# Best book on goats



## CJ Carlson (Jun 21, 2005)

I am wanting to purchase a reference book(s) on goats. We are fairly new to raising them and I would like something that covers things that might come up (such as sickness). We are not breeding at this time but may be in the future. We have both dairy and meat goats.

Thanks.

Cynthia


----------



## Mrs.
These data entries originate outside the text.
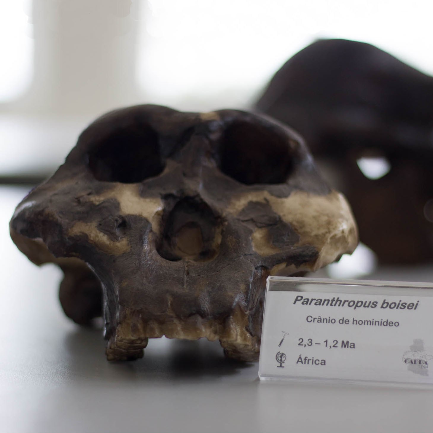 5. O Paranthropus Boisei tem o crânio grande, a mandíbula pesada e grandes e largos molares e pré-molares. O buraco no crânio onde passava o tronco cerebral (chamado forame magno) era curto e lembrava o formato de um coração. Qual é o crânio dele?
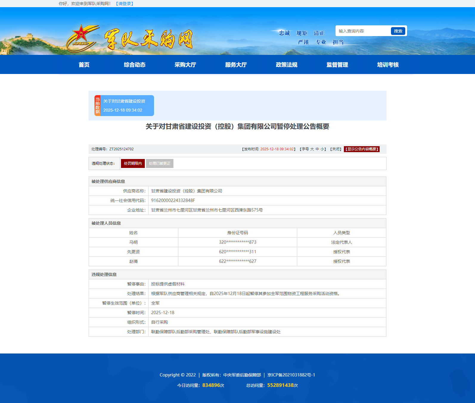 依据规定,处理部门决定对其作出严肃处理:自2025年12月18日起,暂停甘肃省建设投资(控股)集团有限公司参加全军范围内物资、工程、服务采购活动的资格。该处理适用于全军所有单位,且明确其“组织形式”为自行采购范畴。
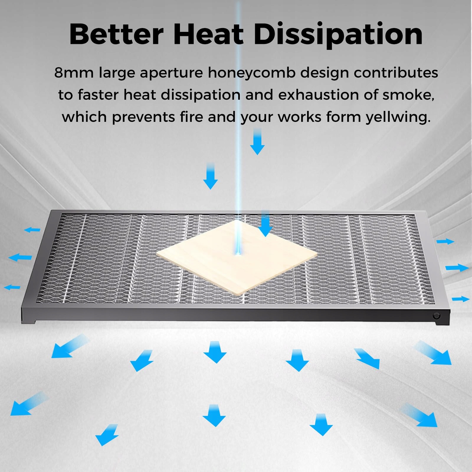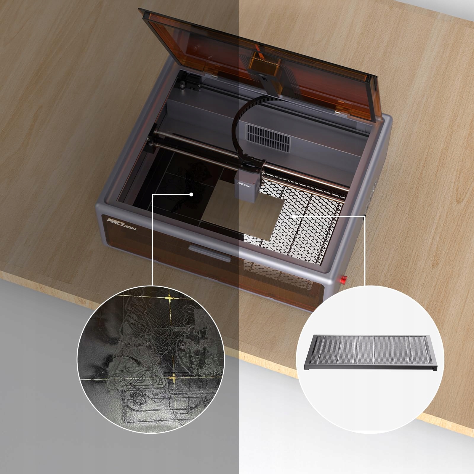 Сотовая панель не только поглощает и отклоняет лазерный свет и загрязнения, но также предотвращает выгорание, защищая вашу работу. Сотовидная платформа в сочетании с алюминиевой пластиной предотвращает повреждение столешницы и имеет четыре съемных защитных угла для защиты пользователя от царапин.
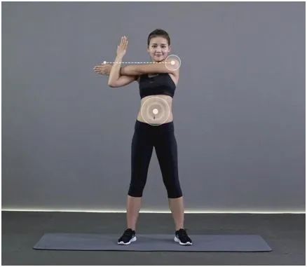 动作要点:挺胸收腹,左臂自然伸直,右臂持续向内缓慢发力。持续10秒,左右交替练习各2-3次。
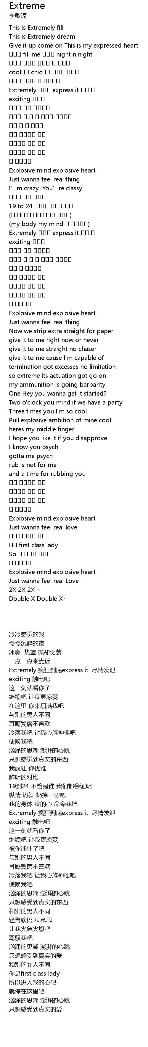 | [00:31.400] | Extremely 疯狂到底express it 尽情发泄 |
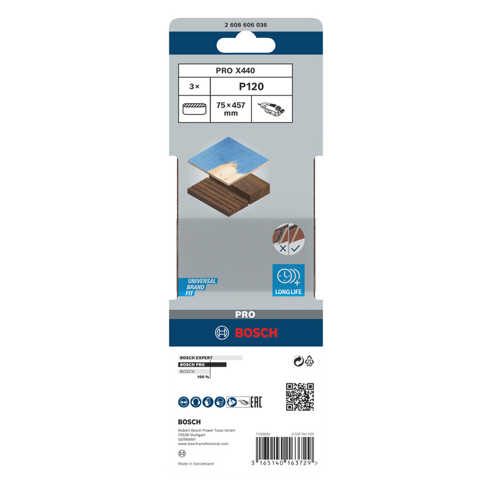 Bosch PRO X440 csiszolószalag, 75x457 mm, G120 3 db, keményfa, tömörfa, festék

Homesteader (May 10, 2002)

CJ Carlson said:


> I am wanting to purchase a reference book(s) on goats. We are fairly new to raising them and I would like something that covers things that might come up (such as sickness). We are not breeding at this time but may be in the future. We have both dairy and meat goats.
> 
> Thanks.
> 
> Cynthia


Natural Goat Care by Pat Coleby

Raising Milk Goats Successfully by Gail Luffman

I can't think of the name of my favorite, but it is by Harvey Considine... I think it is Dairy Goats for Pleasure and Profit. 

Hope this helps.


----------



## Key (Apr 2, 2005)

Hands down-I love Gail Bowman's "Raising Meat Goats for Profit". I literally read it each night-I know, I have the goat "bug" bad! I memorized the book basically...it helps me recognize health probelms, and it also taught me to trim hooves, plan my breeding schedule, etc. She has Boer goats, but topics about dairy goats come up often in the book. I highly recommend her book!


----------



## manygoatsnmore (Feb 12, 2005)

I like all the the above listed books, and would add Goatkeeping 101 from Caprine Supply, and Raising Dairy Goats The Modern Way. I really like the Harvey Considine book, Dairy Goats for Pleasure and Profit. Excellent info from someone who's been in goats for a very long time.


----------



## BamaSuzy (May 10, 2002)

J.D. Jerry Bellenger's Book on raising goats is available through COUNTRYSIDE since he was the founder and long time editor....it has been my 'bible" since I started and even before I got my goats!


----------



## Vicki McGaugh TX Nubians (May 6, 2002)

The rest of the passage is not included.